Nokia appears to be resigning itself to chalking up another failure in its attempts consumer-facing products. The Finnish company, which took over French peer Alcatel-Lucent in 2016, entered the consciousness of many in the early 2000s, as a dominant player in the earlier phases of the mobile phone era. Most of us will count one of the classic Nokia models among our first mobile handsets. However, Nokia failed to maintain that position into the era of the smartphone. A doomed partnership with Microsoft to create the handsets for the Windows mobile OS failed to reinvigorate Nokia as a company for consumer-facing technology.
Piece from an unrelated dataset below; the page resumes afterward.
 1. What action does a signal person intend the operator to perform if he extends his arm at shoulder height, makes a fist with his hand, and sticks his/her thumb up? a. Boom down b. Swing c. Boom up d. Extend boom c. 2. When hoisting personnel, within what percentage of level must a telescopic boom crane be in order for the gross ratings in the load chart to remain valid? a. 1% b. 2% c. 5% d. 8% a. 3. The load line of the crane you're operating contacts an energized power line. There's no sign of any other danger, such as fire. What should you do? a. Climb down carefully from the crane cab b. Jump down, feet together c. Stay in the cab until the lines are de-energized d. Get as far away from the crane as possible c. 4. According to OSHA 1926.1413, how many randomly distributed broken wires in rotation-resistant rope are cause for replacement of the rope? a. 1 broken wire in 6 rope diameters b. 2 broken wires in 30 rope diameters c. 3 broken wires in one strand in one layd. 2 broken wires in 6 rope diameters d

Nokia’s present day success is mainly based on its enterprise telecommunications hardware rather than consumer electronics. The Nokia brand made a comeback in the smartphone market, though through a partnership with another company, HMD Global, who acquired the Nokia license. Early signs are the new Nokia smartphones have been a success but it’s not really Nokia, but HMD Global, that are responsible for that. Now, it looks like another Nokia foray into consumer-facing tech has proven to be a failure.
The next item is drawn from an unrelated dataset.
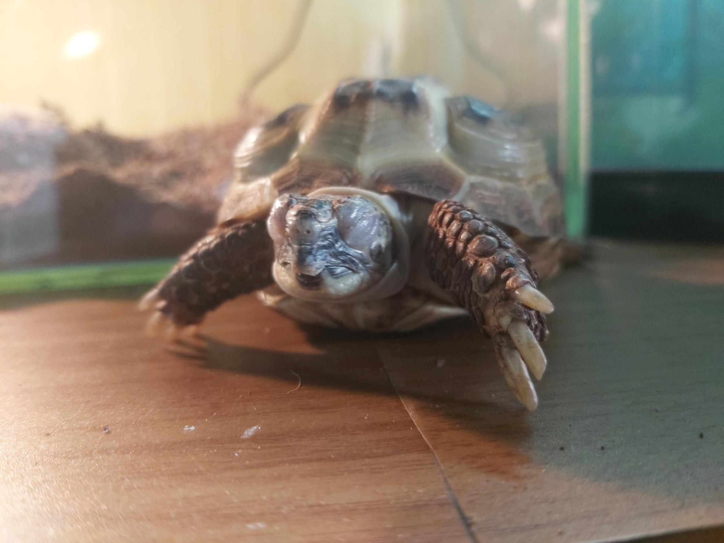День добрый! Пишу вот с таким вопросом: после того, как мы разбудили черепаху после спячки она никак не откроет глаза. Причём она продолжает ходить-бродить и делает это с закрытыми глазами. На гиповитаминоз и на конъюнктивит не похоже по симптомам. На форуме видел похожую ситуацию и там говорилось, что черепаха просто обезвожена. Будили в пятницу ( дня 3 назад ) и все эти дни активно купали и промачивали глазки водой и глазными средствами ( с чувством меры, чтобы не было перебора, а то мало ли ). На данный момент немного открывает левый глаз. Содержится в типа террариуме ( стеклянная конструкция ). Стоят 2 лампы: УФ и нагревающая. В качестве подстилки лежит кокосовый грунт. Прикладываю фото тортилы со всех ракурсов. Мне нужно знать, болезнь ли это или простое обезвоживание после спячки? Как и чем возвращать тортилу к обычной жизни?

Two years ago Nokia acquired French health tech company Withings and its popular Health Mate mobile app. The company also made smart IoT products such as weighing scales and air quality monitors that fed data into the app. The company faced a backlash from users after a re-branded Nokia version of the Health Mate app removed popular features and had wider technical issues.
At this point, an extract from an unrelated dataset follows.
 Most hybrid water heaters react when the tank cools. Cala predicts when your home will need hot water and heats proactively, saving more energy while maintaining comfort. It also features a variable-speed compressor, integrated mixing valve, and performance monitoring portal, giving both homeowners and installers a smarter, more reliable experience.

A BBC report covering the discontent back in July 2017 saw one customer give the following withering assessment of Nokia’s involvement:
“Nokia took over and totally trashed the Withings app in one swoop. The first release of the app was so full of bugs it was incredible. Their new app is appalling and everyone wants the old one back, which we loved.They’ve decimated our investment in quite expensive Withings products.”
It now looks as though the company may be ready to cut its losses and beat another retreat from a consumer-facing products failure. This week Nokia announced “a strategic review of its digital health business”. This review “may or may not result in any transaction or other changes”.
Withings, acquired for $190 million 2 years ago was already written down by $164 last October by Nokia, an admission of having initially been substantially overvalued. A year ago Nokia hit another consumer tech venture in Ozo, a virtual reality camera project. 300 jobs went with the end of Ozo and another 400 redundancies were announced along with the strategic review of the digital healthcare business.
Perhaps it is time for Nokia to focus on the enterprise market and leave consumer electronics technology to others, or in licensing partnerships such as with HMD Global. It looks like that could be the best approach for the good of its health.